1. Une réussite scolaire sous influence

  • Le niveau de diplôme des parents influence la réussite scolaire et joue encore un rôle décisif dans l’obtention du baccalauréat. Ainsi, les enfants nés entre 1983 et 1987 dont le père est ouvrier ou employé ont 52 % de chances d’obtenir le baccalauréat. Ce taux monte 85 % si leur père est cadre ou profession intermédiaire (document 2).
  • Cela montre comment l’école participe à la reproduction sociale. Les enfants de parents diplômés héritent, selon Pierre Bourdieu, d’un capital culturel en adéquation avec les attentes de l’école. L’inégalité sociale à l’école s’explique donc par la proximité entre la culture des milieux les plus favorisés et la culture scolaire. Ne disposant pas des codes culturels (maîtrise de la langue, culture générale…) propices à la réussite scolaire, les enfants des catégories populaires (peu diplômées) sont plus souvent en échec scolaire. Cette inégalité sociale à l’école contribue fortement à la reproduction sociale.

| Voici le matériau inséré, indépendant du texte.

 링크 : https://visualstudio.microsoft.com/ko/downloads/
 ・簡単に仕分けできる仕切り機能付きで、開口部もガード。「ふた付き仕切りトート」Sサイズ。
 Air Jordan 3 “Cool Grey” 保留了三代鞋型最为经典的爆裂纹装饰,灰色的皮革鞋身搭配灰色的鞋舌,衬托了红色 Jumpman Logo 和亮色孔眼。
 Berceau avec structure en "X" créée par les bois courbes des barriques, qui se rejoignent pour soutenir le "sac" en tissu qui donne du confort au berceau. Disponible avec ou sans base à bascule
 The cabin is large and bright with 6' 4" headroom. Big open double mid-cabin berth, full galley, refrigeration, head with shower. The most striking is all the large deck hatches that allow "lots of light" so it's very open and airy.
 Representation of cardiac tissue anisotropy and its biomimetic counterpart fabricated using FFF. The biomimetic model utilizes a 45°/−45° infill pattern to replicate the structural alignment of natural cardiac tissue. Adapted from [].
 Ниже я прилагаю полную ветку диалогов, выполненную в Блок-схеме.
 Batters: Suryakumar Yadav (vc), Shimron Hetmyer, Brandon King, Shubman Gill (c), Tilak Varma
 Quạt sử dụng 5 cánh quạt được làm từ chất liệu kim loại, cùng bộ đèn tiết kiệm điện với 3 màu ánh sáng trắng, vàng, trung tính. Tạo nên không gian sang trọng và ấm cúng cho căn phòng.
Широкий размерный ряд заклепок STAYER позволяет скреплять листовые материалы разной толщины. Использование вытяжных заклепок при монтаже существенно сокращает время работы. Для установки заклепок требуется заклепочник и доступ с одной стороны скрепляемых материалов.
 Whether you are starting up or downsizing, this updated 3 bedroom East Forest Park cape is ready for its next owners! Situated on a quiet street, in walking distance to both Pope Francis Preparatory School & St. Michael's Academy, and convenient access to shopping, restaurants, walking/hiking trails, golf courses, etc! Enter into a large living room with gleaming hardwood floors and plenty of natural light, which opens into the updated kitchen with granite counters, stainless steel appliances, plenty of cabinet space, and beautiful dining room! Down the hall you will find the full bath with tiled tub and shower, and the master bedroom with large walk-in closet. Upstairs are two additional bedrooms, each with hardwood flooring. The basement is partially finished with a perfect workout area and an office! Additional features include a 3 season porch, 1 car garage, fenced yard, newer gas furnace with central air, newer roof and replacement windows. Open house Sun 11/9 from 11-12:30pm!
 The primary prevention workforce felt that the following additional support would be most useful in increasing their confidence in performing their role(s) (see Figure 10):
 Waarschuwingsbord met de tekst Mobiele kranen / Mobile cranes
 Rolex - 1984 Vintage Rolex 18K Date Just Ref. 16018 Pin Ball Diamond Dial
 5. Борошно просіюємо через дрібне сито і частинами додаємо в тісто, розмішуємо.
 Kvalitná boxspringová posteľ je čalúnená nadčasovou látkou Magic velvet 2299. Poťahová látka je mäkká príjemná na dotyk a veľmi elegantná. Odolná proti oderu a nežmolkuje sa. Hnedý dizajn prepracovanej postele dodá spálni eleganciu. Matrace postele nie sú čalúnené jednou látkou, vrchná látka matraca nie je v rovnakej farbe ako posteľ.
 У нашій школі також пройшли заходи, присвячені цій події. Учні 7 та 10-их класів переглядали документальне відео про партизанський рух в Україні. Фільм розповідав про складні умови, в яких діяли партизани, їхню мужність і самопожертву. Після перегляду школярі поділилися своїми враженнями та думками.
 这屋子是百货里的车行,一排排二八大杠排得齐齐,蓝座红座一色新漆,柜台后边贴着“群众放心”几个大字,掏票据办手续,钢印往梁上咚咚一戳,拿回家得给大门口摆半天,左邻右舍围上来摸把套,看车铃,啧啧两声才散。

2. Le marché de l’emploi reflète les inégalités scolaires

  • Le rendement social des diplômes est lui aussi inégal selon le sexe et le milieu social d’origine. L’accès à une profession de cadre ou de profession intermédiaire pour les diplômés du baccalauréat est marqué par des inégalités selon le sexe et le milieu d’origine. Ainsi, 30 % des hommes diplômés du baccalauréat accèdent à une profession de cadre ou de profession intermédiaire, contre seulement 27 % des femmes. L’inégalité est encore plus forte selon le milieu d’origine puisque si 37 % des personnes dont le diplôme le plus élevé est le baccalauréat et ayant un père cadre ou profession intermédiaire deviennent cadre ou profession intermédiaire, ce pourcentage baisse à 25 % lorsque le père est ouvrier ou employé (document 1).
  • L’insertion professionnelle ne dépend donc pas que du niveau de qualification, le capital social est là aussi facteur décisif. Les enfants des milieux les plus favorisés ont ainsi tendance à s’inscrire dans des réseaux sociaux pré-établis par leurs parents qui leur permettent de valoriser leur diplôme scolaire.
  • Certains effets pervers de la démocratisation scolaire limitent le rôle de l’école dans la mobilité sociale. Premièrement, si le nombre de diplômés augmente plus rapidement que le nombre de postes qualifiés, alors une partie de ces diplômés n’aura pas accès à ces emplois qualifiés. Deuxièmement, la généralisation de certains diplômes contribue à les dévaloriser sur le marché du travail, leur obtention n’est donc plus suffisante pour permettre la mobilité sociale. Le document 4 illustre ce paradoxe mis en évidence par Charles Anderson.

Conclusion

  • En définitive, il apparaît que l’école, en promouvant l’égalité des chances, en accompagnant les mutations de la structure sociale, en participant par l’obtention d’un diplôme à l’insertion professionnelle, joue un rôle important dans la mobilité sociale. Ce rôle demeure cependant limité par le maintien de profonds déterminismes dans la réussite scolaire (effet du capital culturel) et dans les conditions d’insertion professionnelle (effets du capital social). À l’extrême, certains considèrent que l’école, en ne garantissant pas pleinement l’égalité des chances participe à la reproduction sociale.
  • Ce constat invite à s’interroger sur les conditions (méthodes pédagogiques, savoirs à enseigner…) à partir desquelles l’école pourrait participer, plus encore, à la mobilité sociale.